§ **Task statement**:
Copy the following data exactly and drop the pictures.

*** Data shown Section Begins ***

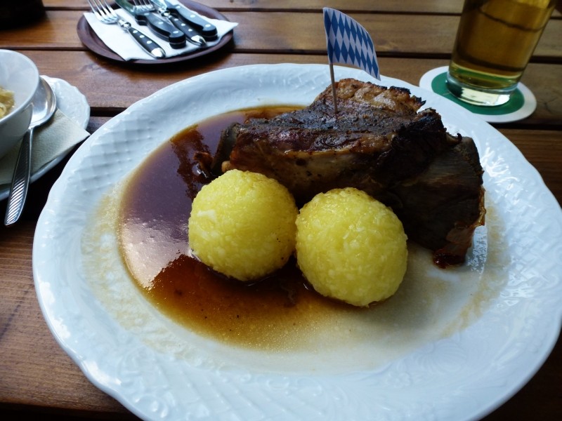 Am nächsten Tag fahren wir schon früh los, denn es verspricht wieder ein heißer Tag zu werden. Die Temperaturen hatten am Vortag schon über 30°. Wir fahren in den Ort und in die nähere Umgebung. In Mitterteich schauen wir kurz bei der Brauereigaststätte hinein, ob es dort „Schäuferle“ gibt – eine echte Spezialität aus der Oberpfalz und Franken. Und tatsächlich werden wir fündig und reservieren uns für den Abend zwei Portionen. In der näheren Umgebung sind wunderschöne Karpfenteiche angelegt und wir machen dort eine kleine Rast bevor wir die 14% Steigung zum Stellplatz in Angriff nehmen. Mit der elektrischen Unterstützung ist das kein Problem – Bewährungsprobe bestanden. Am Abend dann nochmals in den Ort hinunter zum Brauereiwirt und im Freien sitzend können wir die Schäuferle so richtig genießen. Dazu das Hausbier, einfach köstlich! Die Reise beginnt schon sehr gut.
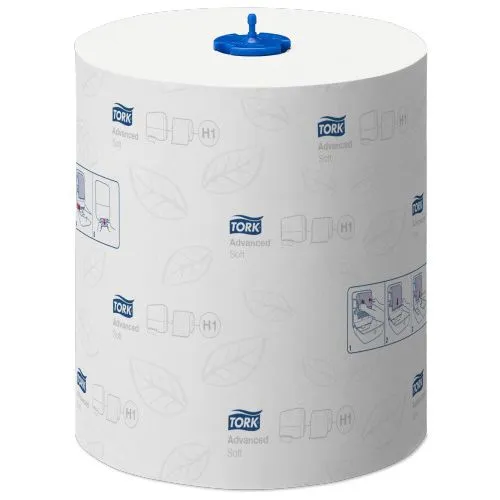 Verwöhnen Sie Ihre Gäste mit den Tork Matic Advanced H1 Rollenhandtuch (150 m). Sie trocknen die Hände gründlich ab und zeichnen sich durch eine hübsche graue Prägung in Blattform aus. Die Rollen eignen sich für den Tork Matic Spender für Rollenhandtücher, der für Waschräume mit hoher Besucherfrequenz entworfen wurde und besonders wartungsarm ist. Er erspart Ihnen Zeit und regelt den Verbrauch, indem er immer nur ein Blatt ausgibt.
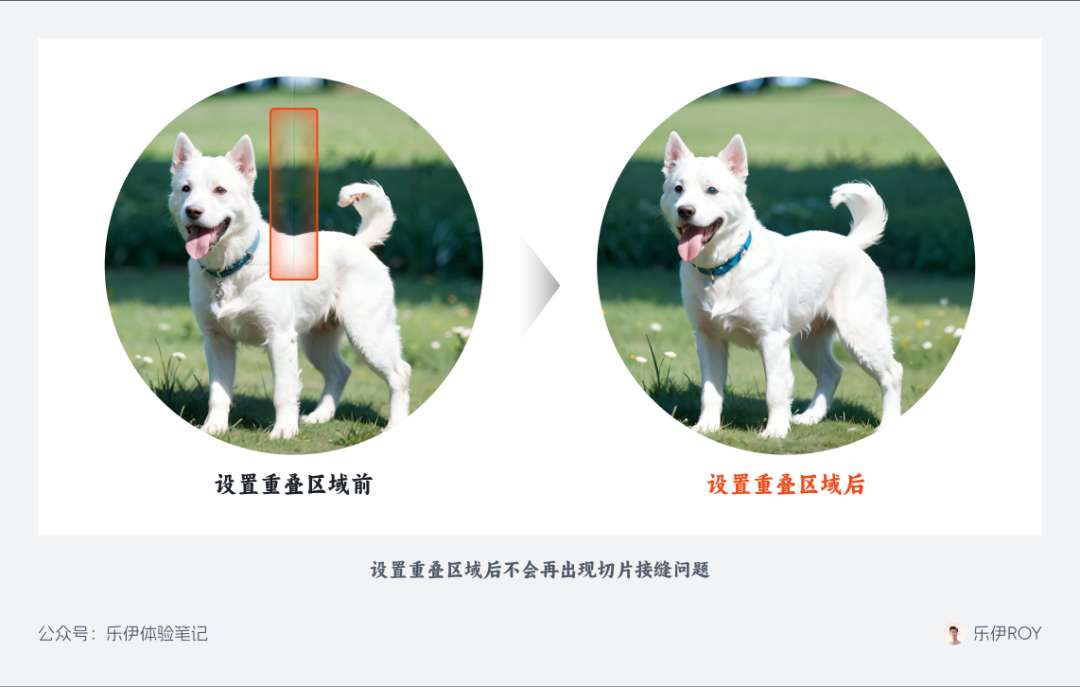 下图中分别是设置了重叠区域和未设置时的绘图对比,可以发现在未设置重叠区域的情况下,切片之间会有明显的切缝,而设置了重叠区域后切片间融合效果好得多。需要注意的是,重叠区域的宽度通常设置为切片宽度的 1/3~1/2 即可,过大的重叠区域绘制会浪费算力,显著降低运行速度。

*** Data shown Section Ends ***

§ **Solution for this task**:
 Am nächsten Tag fahren wir schon früh los, denn es verspricht wieder ein heißer Tag zu werden. Die Temperaturen hatten am Vortag schon über 30°. Wir fahren in den Ort und in die nähere Umgebung. In Mitterteich schauen wir kurz bei der Brauereigaststätte hinein, ob es dort „Schäuferle“ gibt – eine echte Spezialität aus der Oberpfalz und Franken. Und tatsächlich werden wir fündig und reservieren uns für den Abend zwei Portionen. In der näheren Umgebung sind wunderschöne Karpfenteiche angelegt und wir machen dort eine kleine Rast bevor wir die 14% Steigung zum Stellplatz in Angriff nehmen. Mit der elektrischen Unterstützung ist das kein Problem – Bewährungsprobe bestanden. Am Abend dann nochmals in den Ort hinunter zum Brauereiwirt und im Freien sitzend können wir die Schäuferle so richtig genießen. Dazu das Hausbier, einfach köstlich! Die Reise beginnt schon sehr gut.
 Verwöhnen Sie Ihre Gäste mit den Tork Matic Advanced H1 Rollenhandtuch (150 m). Sie trocknen die Hände gründlich ab und zeichnen sich durch eine hübsche graue Prägung in Blattform aus. Die Rollen eignen sich für den Tork Matic Spender für Rollenhandtücher, der für Waschräume mit hoher Besucherfrequenz entworfen wurde und besonders wartungsarm ist. Er erspart Ihnen Zeit und regelt den Verbrauch, indem er immer nur ein Blatt ausgibt.
 下图中分别是设置了重叠区域和未设置时的绘图对比,可以发现在未设置重叠区域的情况下,切片之间会有明显的切缝,而设置了重叠区域后切片间融合效果好得多。需要注意的是,重叠区域的宽度通常设置为切片宽度的 1/3~1/2 即可,过大的重叠区域绘制会浪费算力,显著降低运行速度。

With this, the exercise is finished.